[Task objective]
Go through the records below and set each one down exactly, leaving out any pictures.
---------- Data for processing ----------
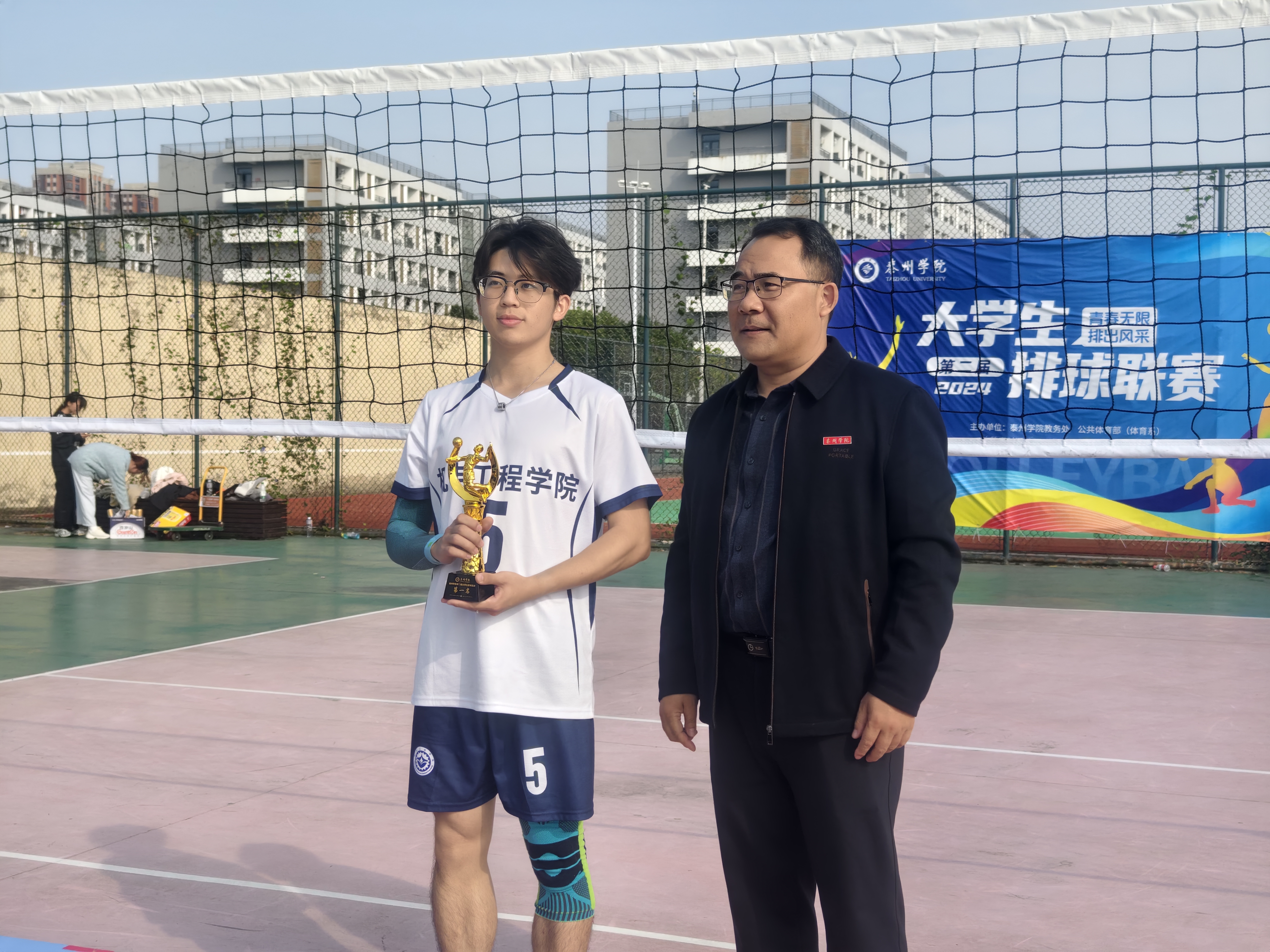 赛后,闭幕式在排球场举行。学工处处长陈茂国、教务处处长黄华、公共体育部主任赵益鑫以及公体部部分教师参加了闭幕式。陈茂国为获奖队伍颁发奖杯与证书。黄华对所有参赛队伍表示祝贺,对裁判员、工作人员及志愿者的辛勤付出表示感谢,他强调,本次联赛不仅是一次体育竞技的盛会,更是展现泰院学子团结协作、勇于拼搏精神的重要平台。赵益鑫鼓励同学们继续发扬体育精神,积极参与各类体育活动,锻炼身体,增强体质,为推动校园体育文化建设贡献自己的力量。
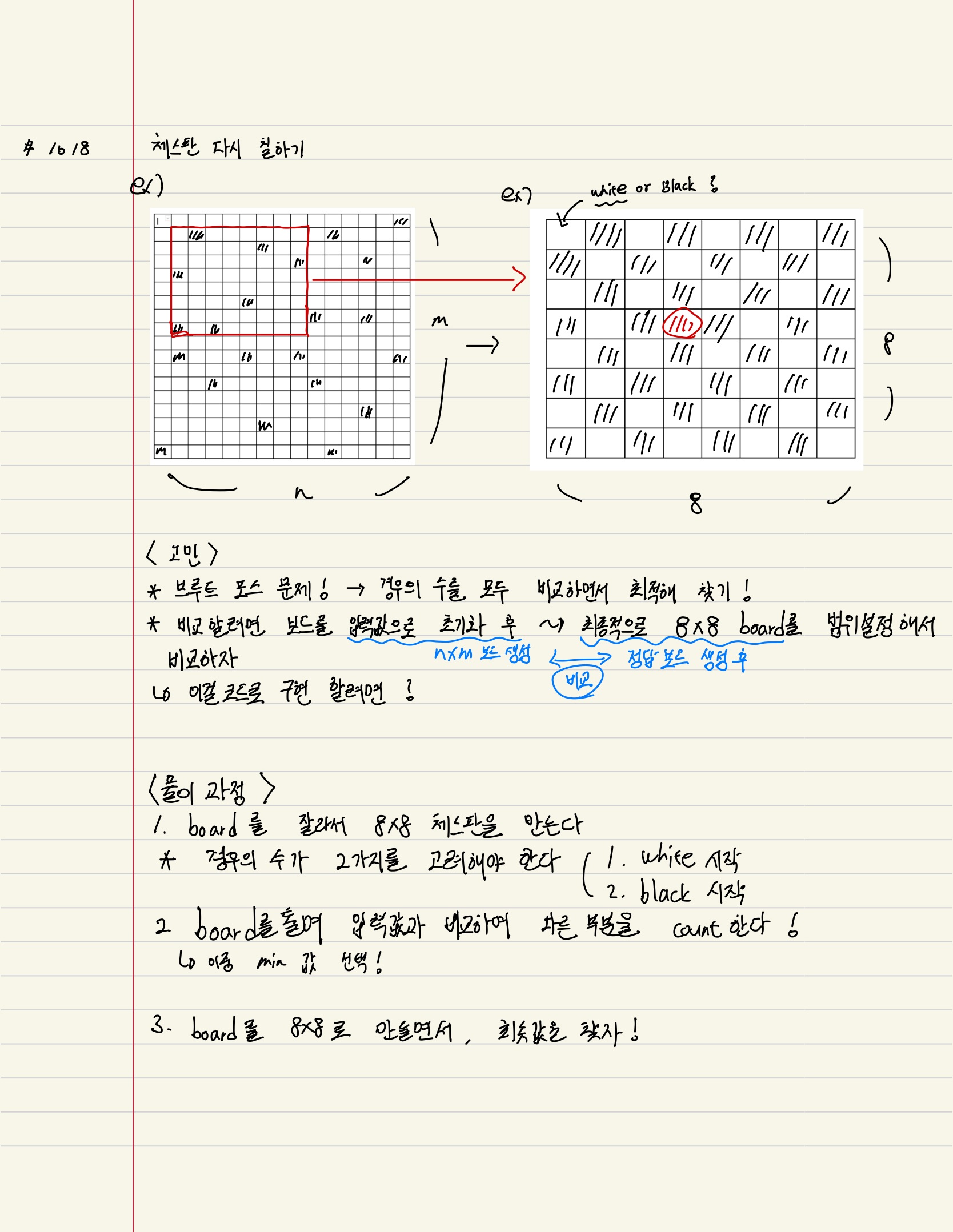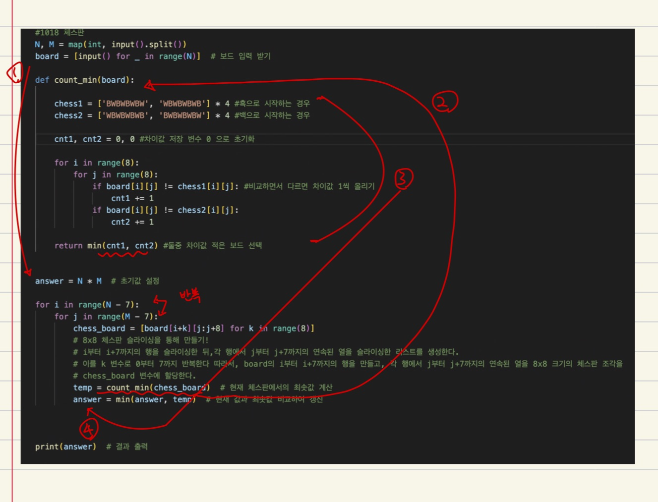 우선 정답 8x8 보드와 입력값으로 주어진 n x m보드의 흑백 위치를 비교하면서 다르면 카운트해줘서 값의 최솟값을 출력하면, 우리가 원하는 가장 적게 다시 칠해야 되는 경우의 수를 얻을 수 있다고 이해했다.
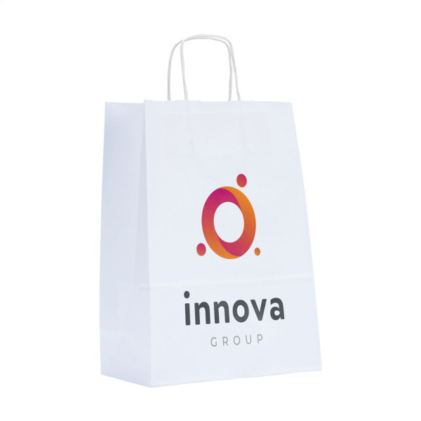 Solide Geschenktüte aus Papier (80 g/m²) im A4-Format, ideal für Werbeaktionen, Messen oder als Verpackung im Einzelhandel. Mit kurzen, stabilen Trageschlaufen aus Papier, einer Seitenfalte und einem gefalteten Boden für zusätzlichen Komfort. Die Vorder- und Rückseite sind vollständig mit einem Vollfarbdruck personalisierbar - ein budgetfreundlicher, praktischer und auffälliger Träger für Ihre Marke. 100% recycelbar. Erhältlich in Weiß und Braun.
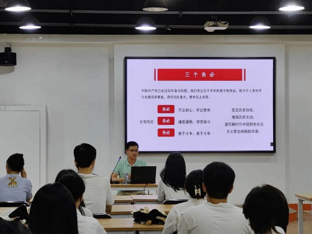 宣讲过程中,李伟俊老师向同学们强调了“三个务必”的重要性:“务必不忘初心、牢记使命,务必谦虚谨慎、艰苦奋斗,务必敢于斗争、善于斗争,坚定历史自信,增强历史主动,谱写新时代中国特色社会主义更加绚丽的华章。”
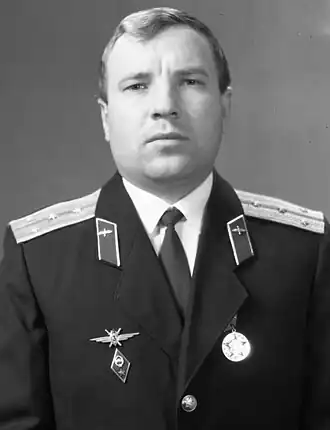 Анатолий Иванович Дедков (24 июля 1944, Лучин, Гомельская область — 16 сентября 2016, Московская область) — советский военный лётчик 1-го класса, космонавт-испытатель. Входил в группу космонавтов по программе «Спираль», был командиром дублирующего экипажа космического корабля по программе 1-й экспедиции посещения на станцию «Салют-6». Опыта полёта в космос не имел.
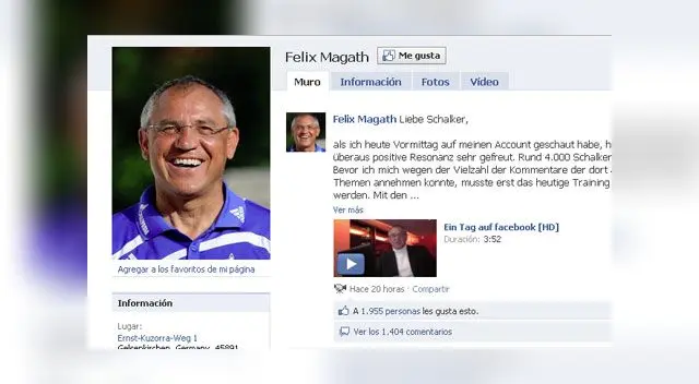 Tras un par de horas el mensaje generó más de mil mensajes, mientras que casi 2000 personas le dieron su apoyo al entrenador dándole un “me gusta” al video.Al respecto, el técnico de Jefferson Farfán le confesó al diario Kicker que “Estoy abrumado por el eco. Llegué aquí por las emociones, por los hinchas”.
----------
[Problem solution]
 赛后,闭幕式在排球场举行。学工处处长陈茂国、教务处处长黄华、公共体育部主任赵益鑫以及公体部部分教师参加了闭幕式。陈茂国为获奖队伍颁发奖杯与证书。黄华对所有参赛队伍表示祝贺,对裁判员、工作人员及志愿者的辛勤付出表示感谢,他强调,本次联赛不仅是一次体育竞技的盛会,更是展现泰院学子团结协作、勇于拼搏精神的重要平台。赵益鑫鼓励同学们继续发扬体育精神,积极参与各类体育活动,锻炼身体,增强体质,为推动校园体育文化建设贡献自己的力量。
 우선 정답 8x8 보드와 입력값으로 주어진 n x m보드의 흑백 위치를 비교하면서 다르면 카운트해줘서 값의 최솟값을 출력하면, 우리가 원하는 가장 적게 다시 칠해야 되는 경우의 수를 얻을 수 있다고 이해했다.
 Solide Geschenktüte aus Papier (80 g/m²) im A4-Format, ideal für Werbeaktionen, Messen oder als Verpackung im Einzelhandel. Mit kurzen, stabilen Trageschlaufen aus Papier, einer Seitenfalte und einem gefalteten Boden für zusätzlichen Komfort. Die Vorder- und Rückseite sind vollständig mit einem Vollfarbdruck personalisierbar - ein budgetfreundlicher, praktischer und auffälliger Träger für Ihre Marke. 100% recycelbar. Erhältlich in Weiß und Braun.
 宣讲过程中,李伟俊老师向同学们强调了“三个务必”的重要性:“务必不忘初心、牢记使命,务必谦虚谨慎、艰苦奋斗,务必敢于斗争、善于斗争,坚定历史自信,增强历史主动,谱写新时代中国特色社会主义更加绚丽的华章。”
 Анатолий Иванович Дедков (24 июля 1944, Лучин, Гомельская область — 16 сентября 2016, Московская область) — советский военный лётчик 1-го класса, космонавт-испытатель. Входил в группу космонавтов по программе «Спираль», был командиром дублирующего экипажа космического корабля по программе 1-й экспедиции посещения на станцию «Салют-6». Опыта полёта в космос не имел.
 Tras un par de horas el mensaje generó más de mil mensajes, mientras que casi 2000 personas le dieron su apoyo al entrenador dándole un “me gusta” al video.Al respecto, el técnico de Jefferson Farfán le confesó al diario Kicker que “Estoy abrumado por el eco. Llegué aquí por las emociones, por los hinchas”.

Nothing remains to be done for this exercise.